A common problem found in simulated annealing and genetic algorithms is the implementation of solutions as programs: since these approaches require the ability to randomly mutate a solution, and a program is usually a fickle and weak construct that can easily die if one of its parts is forcibly removed, representing programs as randomly altered entities is difficult.

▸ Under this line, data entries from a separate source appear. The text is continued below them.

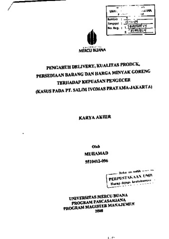 Pengaruh delivery,kualitas produk persediaan brg dan harga minyak goreng terhdp kepuasan pengecer (kasus pd PT. salim ivomas pratama-jakarta)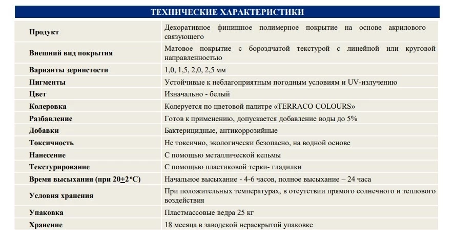 Перед работой материал необходимо тщательно перемешать с помощью низкооборотного миксера. При необходимости, довести покрытие до требуемой консистенцию добавлением небольшого количества воды. Материал наносится на основание с помощью нержавеющей кельмы слоем толщиной в «одно зерно», Для получения внешнего вида покрытия, нанесенный Terracoat Excel равномерно разравнивается по поверхности основания, а затем аккуратно затирается с помощью пластиковой гладилки для получения на поверхности борозд линейной или круговой направленности в зависимости от желаемого текстурного рисунка. Во избежание сухих краев, нанесение Terracoat Excel следует производить без остановок от одного края поверхности до другого, стыкуя рабочие захватки по принципу «мокрый по мокрому». Окончательный внешний вид текстуры нанесенного покрытия формируется после высыхания. Нанесение Terracoat Excel допускается выполнять в сухих условиях при относительной влажности не более 80% и температурах основания и окружающей среды +5- +30 оС. Низкие температуры и высокая влажность могут существенно увеличивать время окончательного твердения и высыхания покрытия. Время начального высыхания нанесенного материала при нормальных условиях составляет около 5-6 часов. Время полного высыхания-24 часа. После работы инструменты вымыть водой. Для исключения различий в оттенках материала на отдельно взятой поверхности следует использовать материалы, относящиеся к одной партии выпуска. При дозаказе материала того же цвета рекомендуется указывать номер партии материала и дату его производства, которые указываются на упаковке.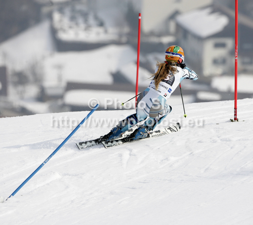 : Resi Stiegler of USA skiing in second run of women slalom race of Audi FIS Alpine skiing World cup in Ofterschwang, Germany. Women slalom race of Audi FIS Alpine skiing World cup was held in Ofterschwang, Germany, on Sunday, 4th of March 2012.
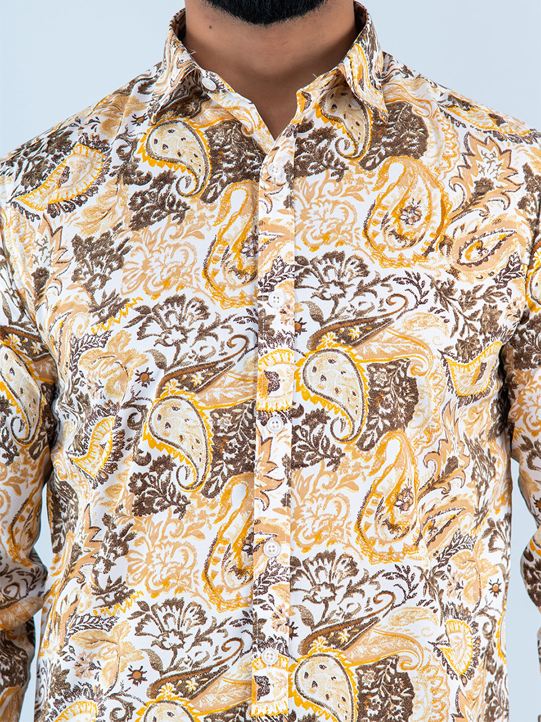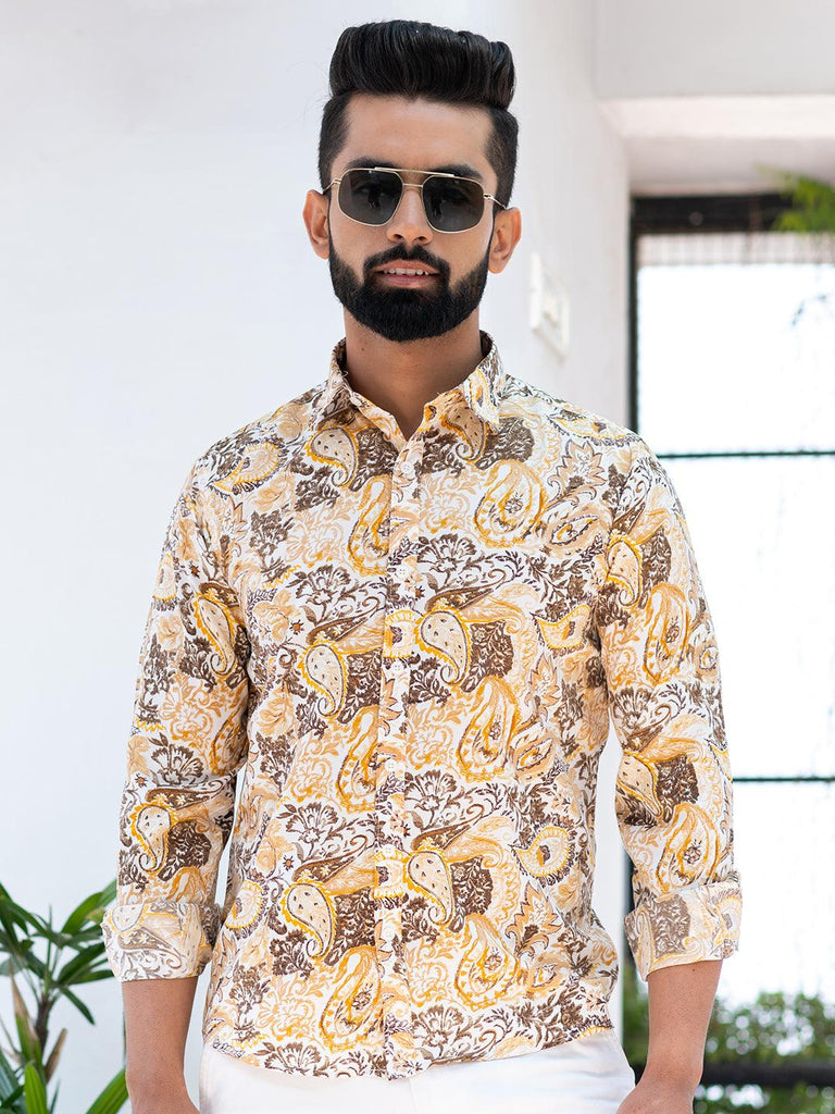 About The Product- This Beautifully Designed Multi Paisley Printed Full Sleeves Crepe Shirt Is A Unique Shirt As It Has Its Own Designer Pattern.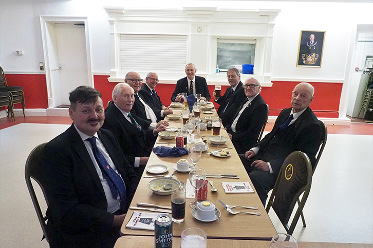 At the first rising John Bicknell congratulated the lodge on its anniversary and said what a pleasure it had been for the grand officers to attend and witness such an enjoyable meeting. Andrew responded on behalf of the lodge members saying that it had been an honour and delight to receive such a significant visitation of senior Provincial grand officers. Responding for the Provincial grand officers, Stuart Sager echoed the congratulations to Shaun and Chris on their forthcoming promotions and thanked the WM for his enjoyable presentation.

One possible solution is to consider stack based-languages: these languages have very light syntax requirements and can be represented mostly as a sequence of words. Besides, the only way for a program in these languages to die is to underflow the stack (which can be easily solved by stating that reading from an empty stack yields a reasonable value, such as zero or one. My concept was to use a language which reads a single integer variable ‘x’ and manipulates a stack ‘s’, and outputs a stack of numbers. These numbers are then multiplied together to yield the final result. The available instructions are:

let operations =
  [|
    "nop", (fun (s,_) -> s);
    "pop", (fun (s,_) -> !s) ;
    "dup", (fun (s,_) -> t s :: s);
    "div", (fun (s,_) -> (t s /. t !s) :: !!s);
    "two", (fun (s,_) -> 2. :: s);
    "mul", (fun (s,_) -> (t s *. t !s) :: !!s);
    "add", (fun (s,_) -> (t s +. t !s) :: !!s);
    "cos", (fun (s,_) -> cos (t s) :: !s);
    "sin", (fun (s,_) -> sin (t s) :: !s);
    "sub", (fun (s,_) -> (t s -. t !s) :: !!s);
    "min", (fun (s,_) -> min (t s) (t !s) :: !!s);
    "max", (fun (s,_) -> max (t s) (t !s) :: !!s);
    "avg", (fun (s,_) -> ((t s +. t !s) *. 0.5) :: !!s);
    "var", (fun (s,x) -> x :: s);
    "bra", (fun (s,_) -> (if t s > 0. then t !s else t !!s) :: !!!s);
    "zer", (fun (s,_) -> 0. :: s);
    "one", (fun (s,_) -> 1. :: s);
    "neg", (fun (s,_) -> -1. :: s);
    "opp", (fun (s,_) -> -. (t s) :: !s);
    "dp2", (fun (s,_) -> t s :: t s :: s);
  |]

I have altered the meaining of ‘!’ to represent the tail of the list (or, if the list is empty, the empty list), and defined ‘t’ as the top of the list (or 0. if the list is empty).

The evaluation algorithm is extremely straightforward:

let run p x =
  List.fold_left ( *. ) 1.
    (Array.fold_left (fun s (_,o) -> o (s,x)) [] p)

I then apply simulated annealing to such programs (using a program size of 10 instructions) for 10000 iterations. The energy function is simply the error between the value computed by the program and the expected value. For instance, with the function ‘fun x -> x’, simulated annealing gives me the program:

cos dup pop nop bra cos dp2 nop var nop

Which can be rewritten as:

let t = cos (if 0 > (cos 0) then 0 else 0) in t *. t *. t *. x

This is a fairly convoluted way of saying “x”. Another example, with the function ‘fun x -> x +. x *. x’:

max bra one dup nop max add var add var

The infix form here would be:

((if max 0 0 > 0 then 0 else 0) + (max 1 1) + x) * x

Which is just ‘(1+x)*x’.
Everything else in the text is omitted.